The demons had lost their power to intimidate and terrorize. They were demoted from monsters of the night and incubi of nightmares to the gargoyles in the gutters of cathedrals, and eventually to the ghosts and red imps of Halloween, more charming than frightening. In the culture we live in dominated by western Christianity, we are conditioned neither to fear the powers of darkness nor pray to guardian angels. May they have a revival in our spiritual development.
Angels have become a euphemism for something positive. But oddly enough, demons and devils are not considered negative, just adventurous. In a society that has no place for sin, a professional hockey team will call itself “Devils” to suggest a roughhouse, don’t-give-a-care attitude to opponents. How many Blue Devils teams, bands, and organizations cherish that name? Fathers encourage their sons, and in these days daughters as well, to show spirit. “You little devil!” is a sign of approval for evidence of combativeness and shrewdness. The terms “angel” and “devil” have lost all of their original meaning, along with virtue and wickedness, good and evil, salvation and sin.

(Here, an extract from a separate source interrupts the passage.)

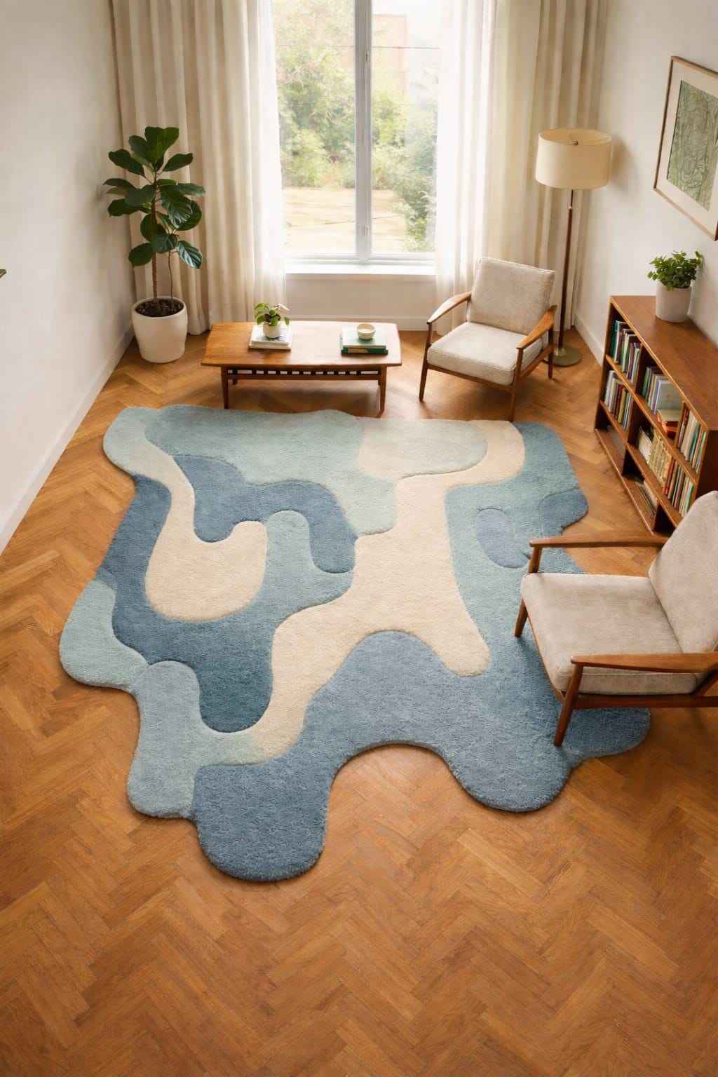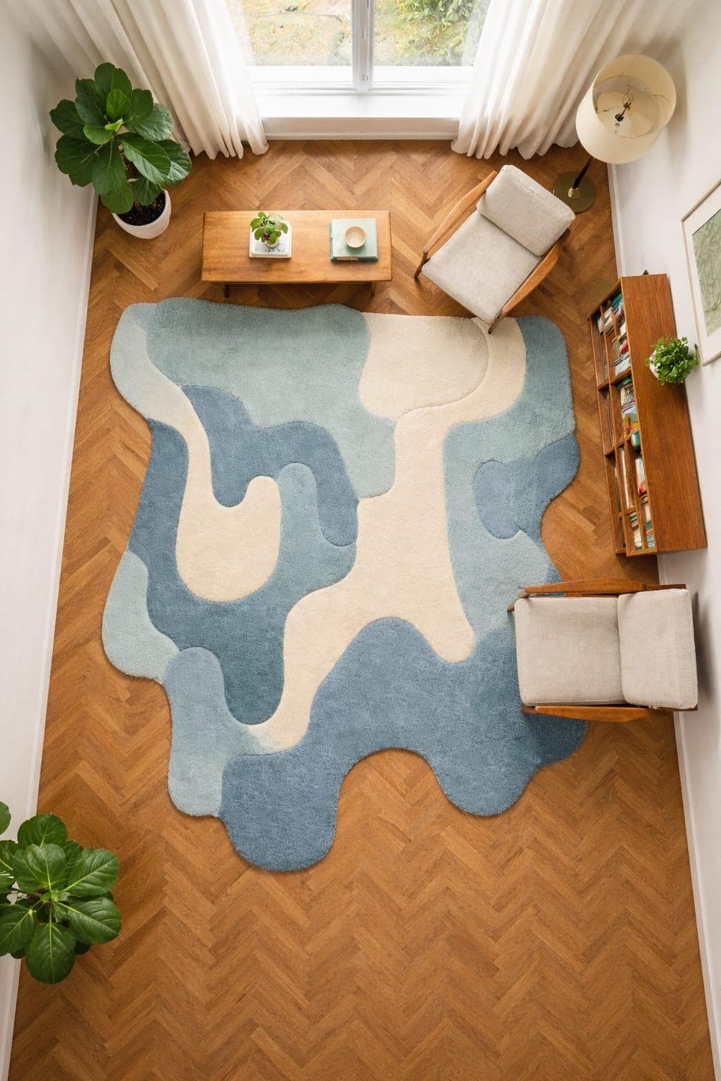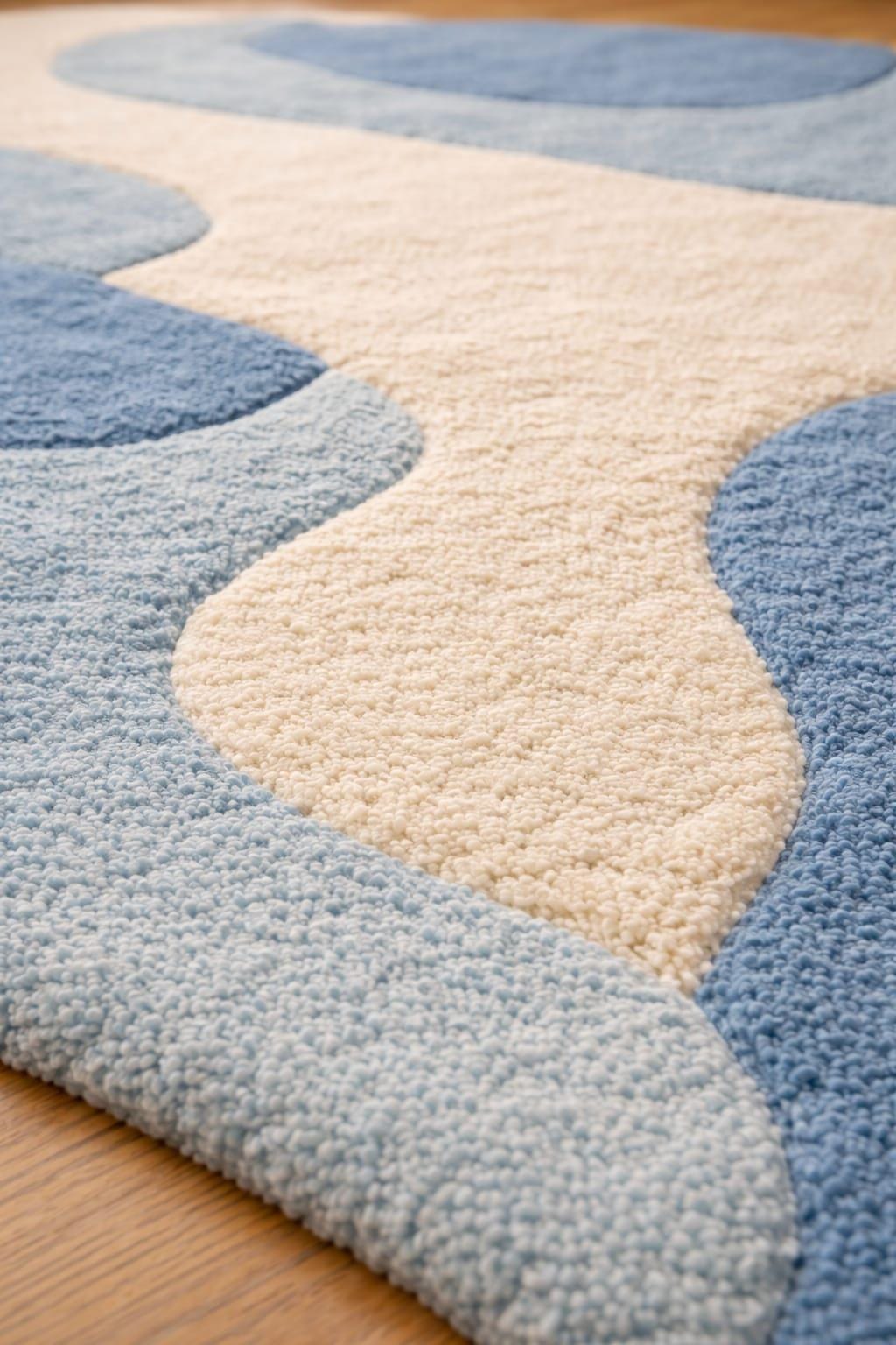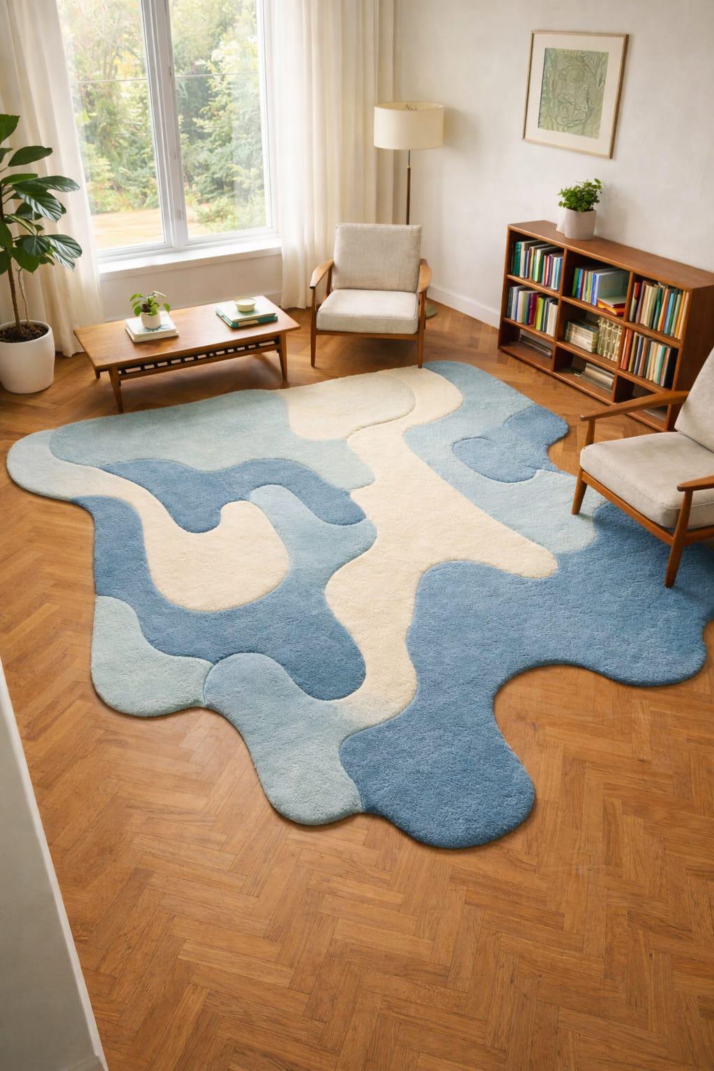 Bring modern art to your floor with this stunning hand tufted abstract shaped rug, designed to elevate any contemporary interior. Inspired by organic forms and soft flowing patterns, this rug features calming blue and cream tones that blend beautifully with modern, Nordic, and minimalist home décor styles.

The irony of it all is that we claim to be a society of believers, and Christianity is the stereotype for American faith in God. In the street, to proclaim an active, consistent and serious communication with the angels, to confess that you include in your daily prayers an appeal to your guardian angel to protect and pray for you, to thank your angel and patron saint for their concern for your soul is to expose yourself to criticism if not ridicule from modern “Christians.” But not to take into account the presence of the angels and their role in your salvation is to abandon yourself to the spiritual myopia of our society.